The protein expressed from the dCREB2-b splice variant is a known transcriptional repressor. It is thought to repress transcription by dimerizing with CREB activators and sequestering them in the cytoplasm or in the nucleus or by occupying the CRE site to prevent their recognition by CREB activators (Karpinski et al., 1992; Shaywitz and Greenberg, 1999; Lonze and Ginty, 2002). While it is clear that dCREB2 can produce a transcriptional repressor, it is controversial whether or not dCREB2 also produces positively-acting isoforms (Yin et al., 1995; Perazzona et al., 2004). Nevertheless, our ChromIP data shows a correlation between phospho-dCREB2 binding (phosphorylated kinase-inducible domain) within the slo promoter region and an induction in slo gene expression. This suggests that either 1) dCREB2 expresses activator isoforms that stimulate slo expression or that 2) phosphorylation of the kinase-inducible domain prevents dCREB2b repressor activity or causes it to act as a transcriptional activator.

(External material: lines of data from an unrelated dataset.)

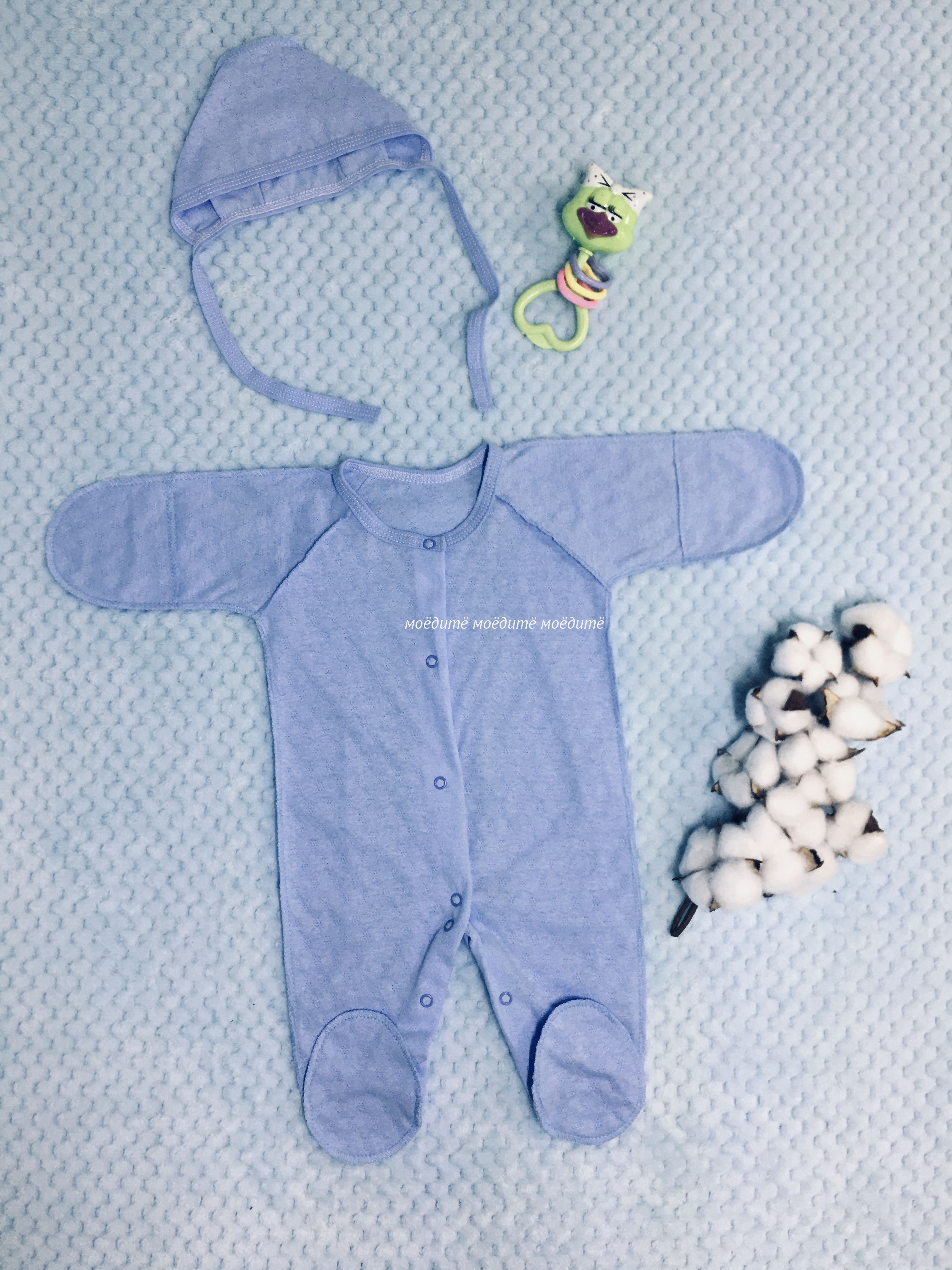 Комплект состоит из комбинезона без воротничка, с закрытыми ножками, рукавчики с царапками, спереди и между ножек на кнопочках и чепчика на завязках. Все швы у комплекта выполнены наружу.
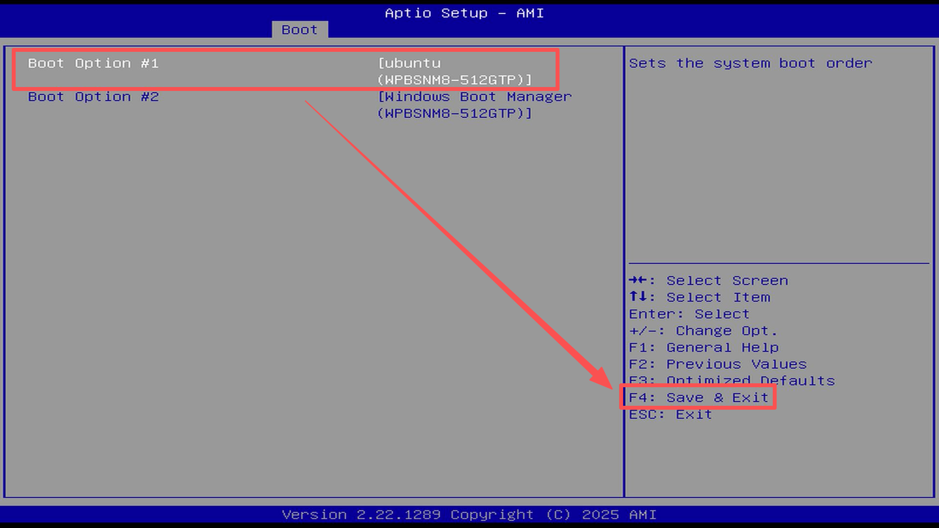 Set Boot option #1 “Ubuntu” as the first boot item
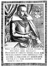 Algunos datos notables pueden rescatarse de la vida de Michael Maier, a modo de muy breve semblanza biográfica. Nació en Rendsburg o en Kiel, Alemania, a finales de la década de 1550 (con especial probabilidad en 1558 o 1559). Su familia era luterana y cercana a la nobleza local gracias al oficio ejercido por su padre: “Goldsticker o Perlsticker: artesano que borda con perlas y con hilo de plata y oro”7. Llevó una vida itinerante que le ganó reputaciones variadas: de sabio, de rosacruz y de espía protestante. Estudió en las universidades de Rostock, Fráncfort del Óder, Padua y Basilea entre 1587 y 1595, de las que obtuvo los grados de doctor en filosofía y doctor en medicina. Ejerció la medicina en Königsberg y estableció su propio laboratorio alquímico en Kiel. Fue cortesano de Rodolfo II en Praga entre 1508 y 1510, el cual le otorgó el título de Conde Palatino. Entre 1511 y 1515 se radicó en Inglaterra, donde aprendió el inglés para poder traducir al latín el Ordinal of Alchemy de Thomas Norton. Entró al servicio de Mauricio de Hesse como consejero y médico personal en 1518. Fue un prolífico autor de obras alquímicas en la última década de su vida, entre 1512 y 1522.
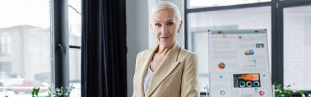 senior banker smiling at camera near flip chart with graphs on blurred background, banner
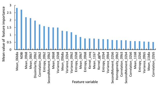 In general, there are 31 features that contribute more than 0.5, including 28 texture features, one build-up index feature, and two POI features. The significance of Mean_06b8a, NDBI mean, Mean_09b8, and Mean_06b7 are the greatest, indicating that the mean value of band 8a in June, the NDBI mean, the mean value of band 8 in September, and the mean value of band 7 in June make the greatest contribution to the extraction of urban construction land. The visible light band, red edge band, and near-infrared band have a significant effect on land cover classification. The mean of the GLMC reflects the mean value of the gray scale of the image elements, which is the brightness feature of the images, and makes a significant contribution. It can be seen that there is a significant difference in the brightness of the remote sensing images of urban construction land and non-urban construction land, which is conducive to distinguishing between them. Dissimilarity_09b2, Correlation_09b2, Entropy_09b2, and SecondMoment_09b2 contribute significantly and equally to the extraction of urban construction land.
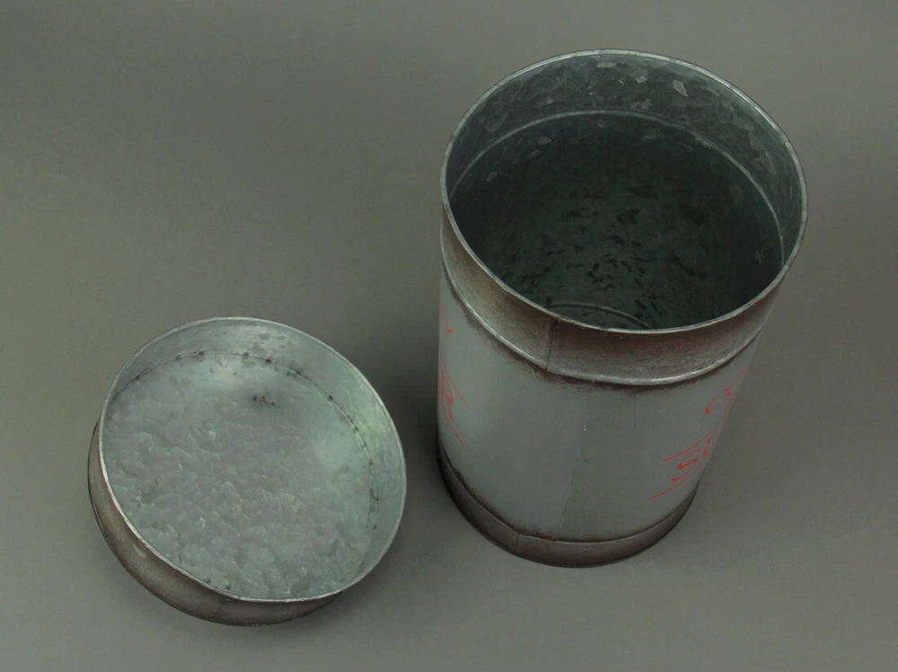 This set of 3 kitchen canisters is perfect for storing your coffee, sugar and flour, without having to deal with the bags they are sold in. Made of metal, they have a galvanized zinc finish, with a distressed, slightly rusty finish on the outside and hand painted labels. The largest canister, for sugar, measures 9.5 inches high, 6.5 inches in diameter. The flour canister is 9 inches high, 5 inches in diameter, and the coffee canister is 7 inches high, 4.25 inches in diameter. The canisters nest together when not in use to save space. They add a touch of country flair to any kitchen, and make a great gift. NOTE: DUE TO A DENT ON THE BOTTOM OF THE SUGAR CAN this item is being sold at a reduced price. Please see last photo for damages/defects. Our eBay Store About Us Add to Favorite Sellers Set of 3 Galvanized Finish Metal Kitchen Canisters NOTE: DUE TO A DENT ON THE BOTTOM OF THE SUGAR CAN this item is being sold at a reduced price. Please see last photo for damages/defects. NOTE - DUE TO A DENT ON THE BOTTOM OF THE SUGAR CAN this item is being sold at a reduced price. Please see last photo for damages/defects. Set of 3. Made of Metal, With A Distressed Galvanized Finish Hand Painted Labels Nest Together For Easy Storage Adds Country Flair To Any Kitchen This set of 3 kitchen canisters is perfect for storing your coffee, sugar and flour, without having to deal with the bags they are sold in. Made of metal, they have a galvanized zinc finish, with a distressed, slightly rusty finish on the outside and hand painted labels. The largest canister, for sugar, measures 9.5 inches high, 6.5 inches in diameter. The flour canister is 9 inches high, 5 inches in diameter, and the coffee canister is 7 inches high, 4.25 inches in diameter. The canisters nest together when not in use to save space. They add a touch of country flair to any kitchen, and make a great gift. NOTE: DUE TO A DENT ON THE BOTTOM OF THE SUGAR CAN this item is being sold at a reduced price. Please see last photo for damages/defects. Product Details Color Multicolored Height 9.5 Length 6.5 Weight 1.85 LB
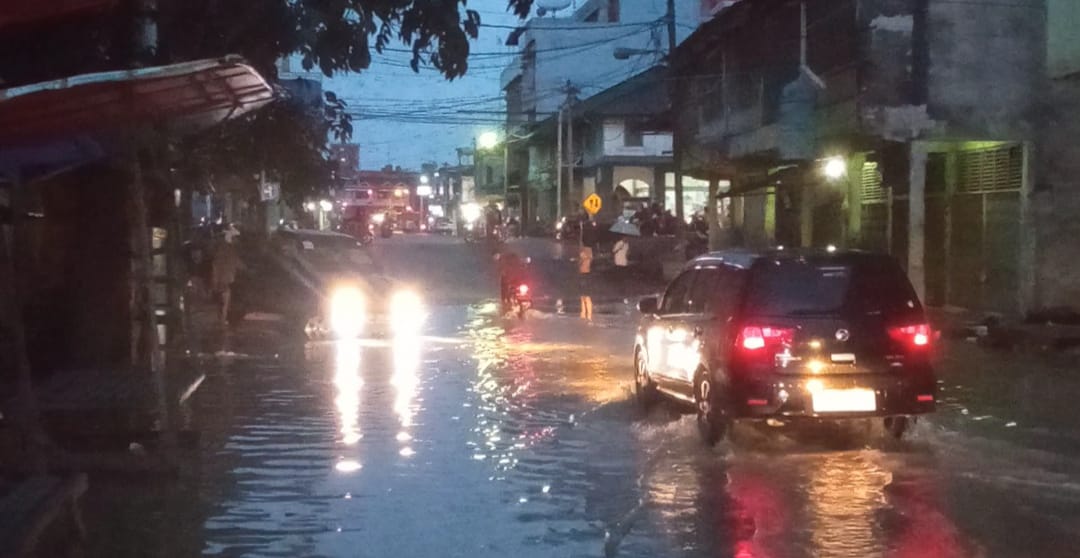 Bahkan, air banjir juga sudah mengalir masuk menggenangi badan jalan Sutoyo, A.Yani dan Ade Irma Suryani di Kota Kualasimpang.
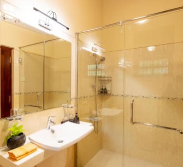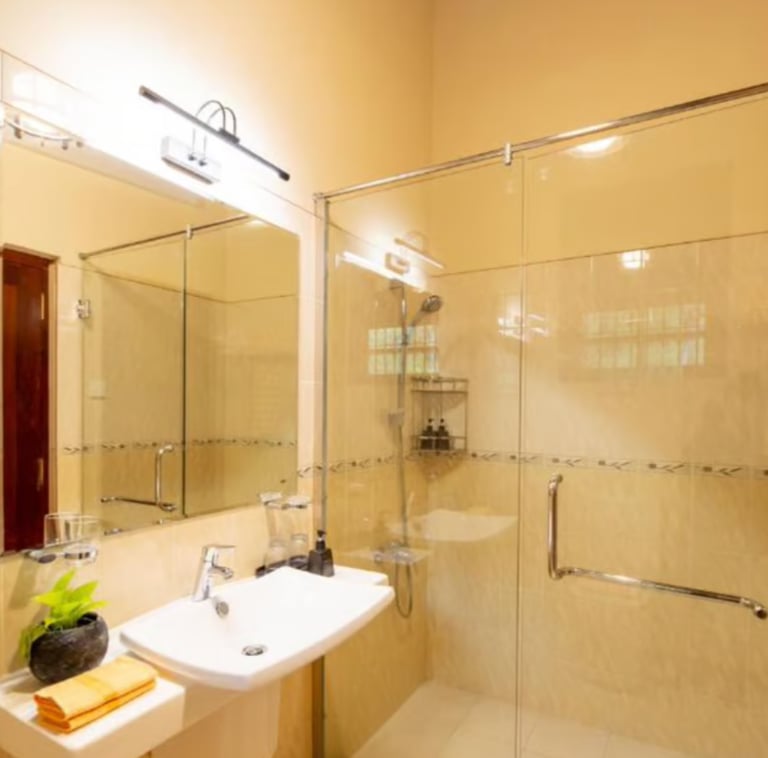 Private bathroom with walk-in shower with vanity
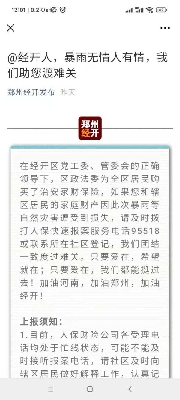 在经开区党工委、管委会的领导下,区政法委为全区居民购买了治安家财保险,如果您和辖区居民的家庭财产因此次暴雨等自然灾害遭受到损失,请及时拨打人保快速报案服务电话95518或联系所在社区登记。
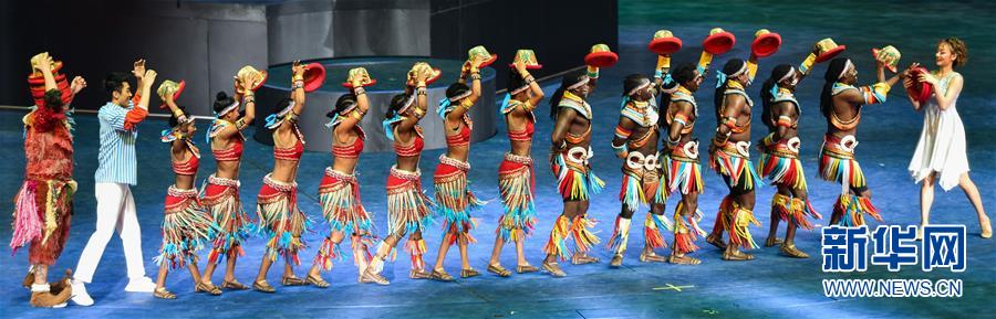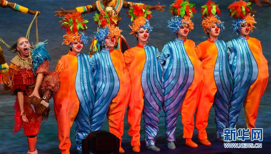 原创国际马戏大剧《龙秀》当中的滑稽表演(7月26日摄)。新华社记者刘大伟摄
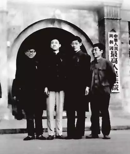 图为最高人民法院第一批大学生初到北京,从左至右依次为孙世光 闫承铸 刘天弼 龙斯荣。
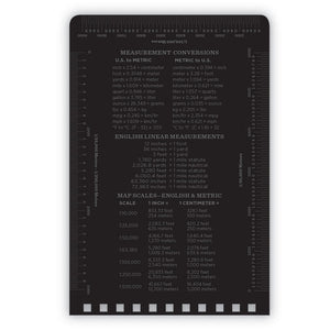 - Conversion charts, map scales and a standard-scale ruler printed on the back cover.
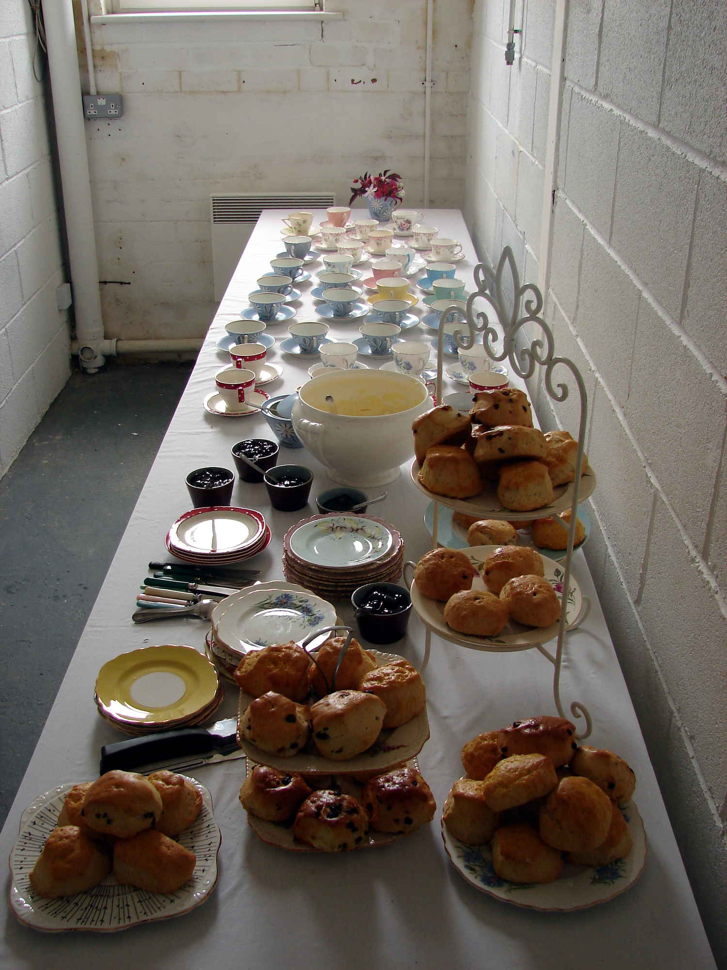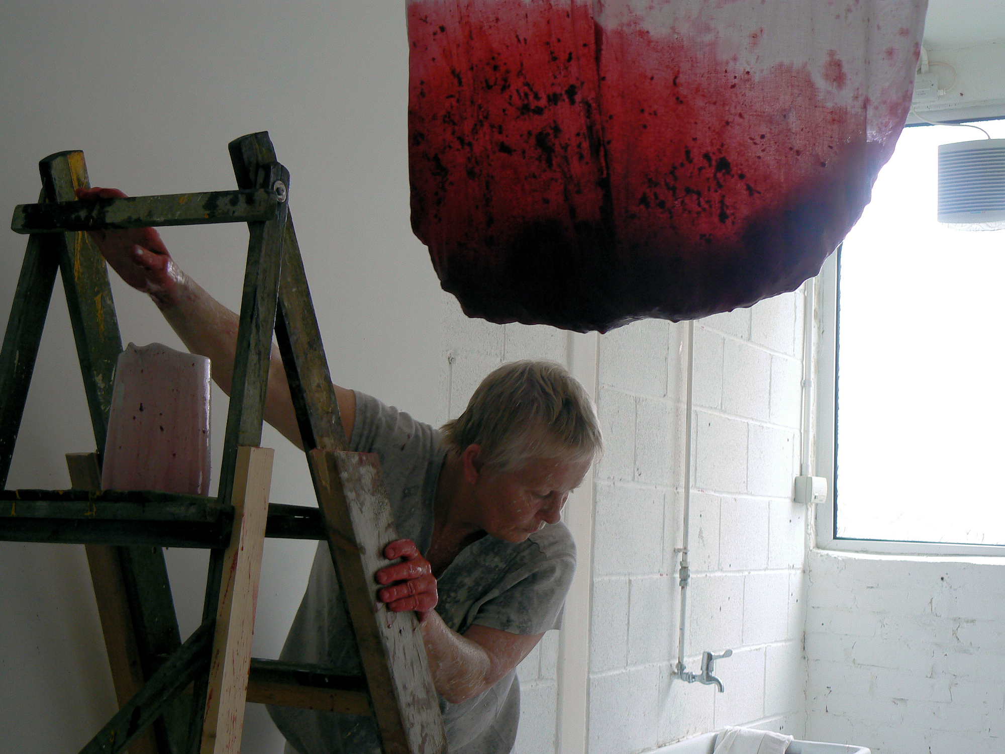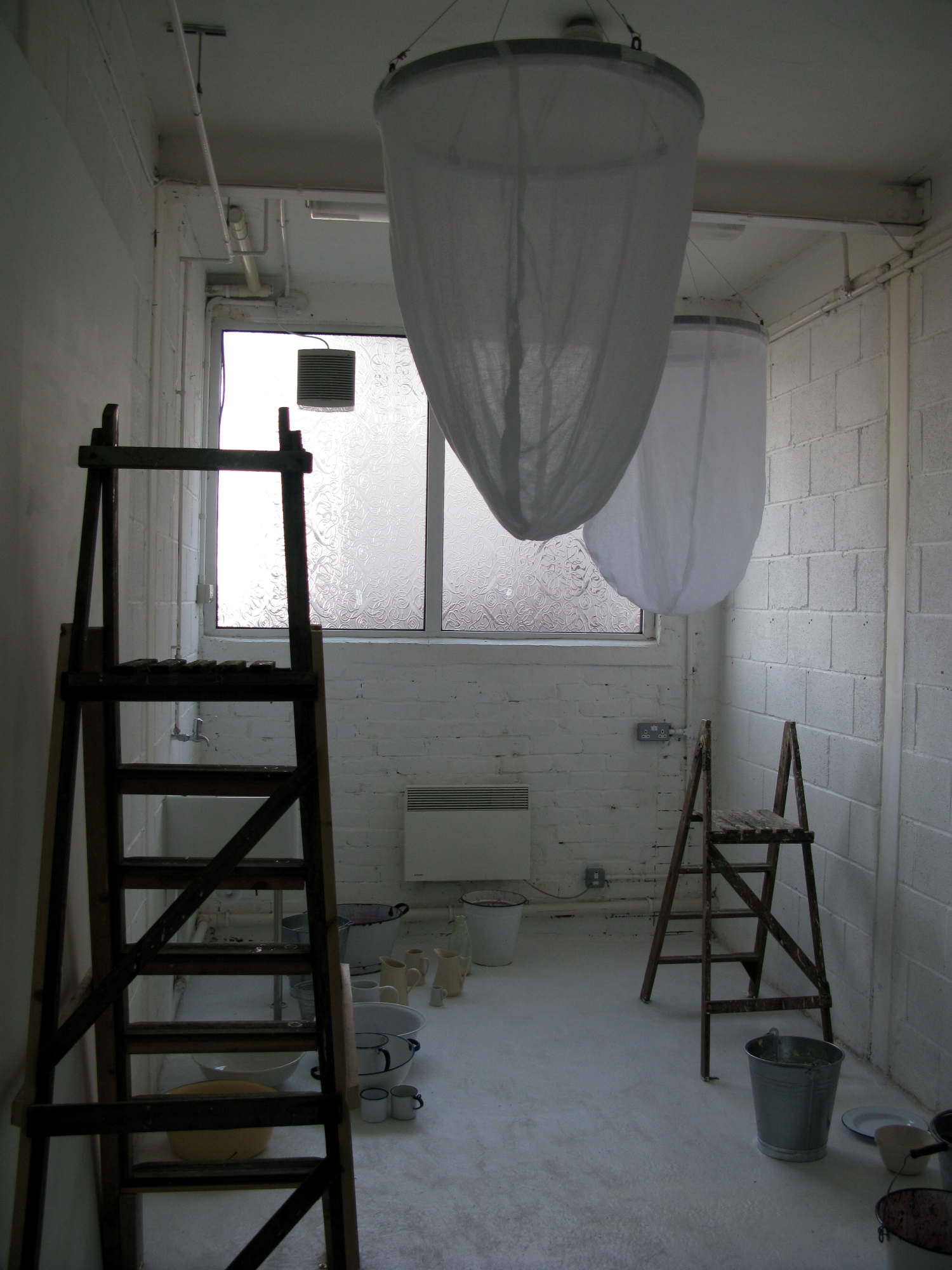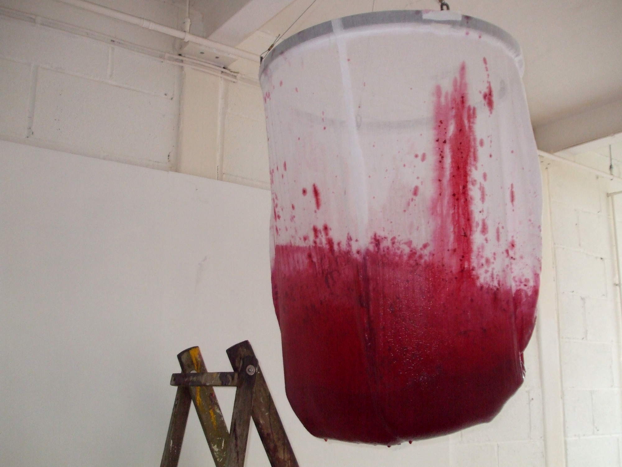 For over an hour in the Saltburn Gallery, Cleveland, two women methodically undertake what appear to be food-processing operations, struggling up stepladders, pouring red fruit-mash and cream into gigantic hanging muslin bags, kneading and squeezing the strained residues into jugs and buckets. This onerous task yields increasing quantities of liquids then refiltered through the system and, as time passes, the products accidentally splatter across the floor and walls and the artists themselves who become more and more bedraggled - occasionally even rinsing their heads and mouths with the juices - until the entire scene suggests a horror movie shoot. When their discomfort at the smell and feel of the sticky substances mingling and stinging eyes, filling hair and covering bodies becomes too much, the visibly tiring women abandon their travails - leaving a random mosaic of bright purples, reds and pinks among discarded containers in the once-clean white space. Nevertheless they soon reappear with only the worst of the mess washed off, in an adjacent room holding tables set with massed ranks of delicate china. Preparing cuppas and scones with blackberry and apple jam and cream, they serve the audience afternoon tea.
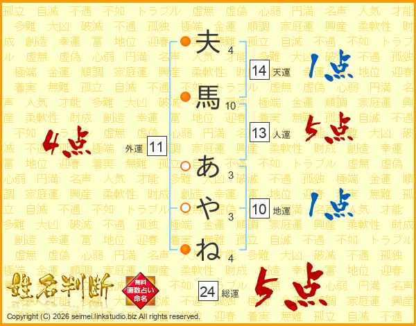 夫(4画)馬(10画) あ(3画)や(3画)ね(4画)

The slo gene has a well-described role in the response to sedation with organic solvents (Davies et al., 2003; Ghezzi et al., 2004; Cowmeadow et al., 2005; Cowmeadow et al., 2006). We have shown that the slo gene is a downstream target of the CREB transcription factor, and we propose the following regulatory cascade. A sedative dose of the anesthetic benzyl alcohol activates the CREB pathway by down-regulation of the CREB repressor isoform. This frees up other CREB activator isoforms (probably dCREB2 isoforms) and the phosphorylated versions of these proteins bind to CRE sites within the slo promoter region and induce acetylation of the neighboring histones. This increases availability of the underlying DNA and increases the affinity of the promoter region for other required transcription factors. These changes stimulate the neural-specific promoters to increase the expression of BK type channel from the neural promoters. Increased BK channel activity has been shown to act as a neural stimulant, enhancing neural activity (Brenner et al., 2005). This regulatory cascade is summarized in figure 6. We suspect that this change directly counters some of the effects of the anesthetic on the nervous system enabling the flies to recover more rapidly from sedation - a behavioral phenotype that we classify as benzyl alcohol tolerance.
This work is supported by the National Institutes of Health grant RO1 DA022219 to NSA and F. M. Jones and H. L Bruce Endowed Graduate Fellowships in Addiction Biology to YW.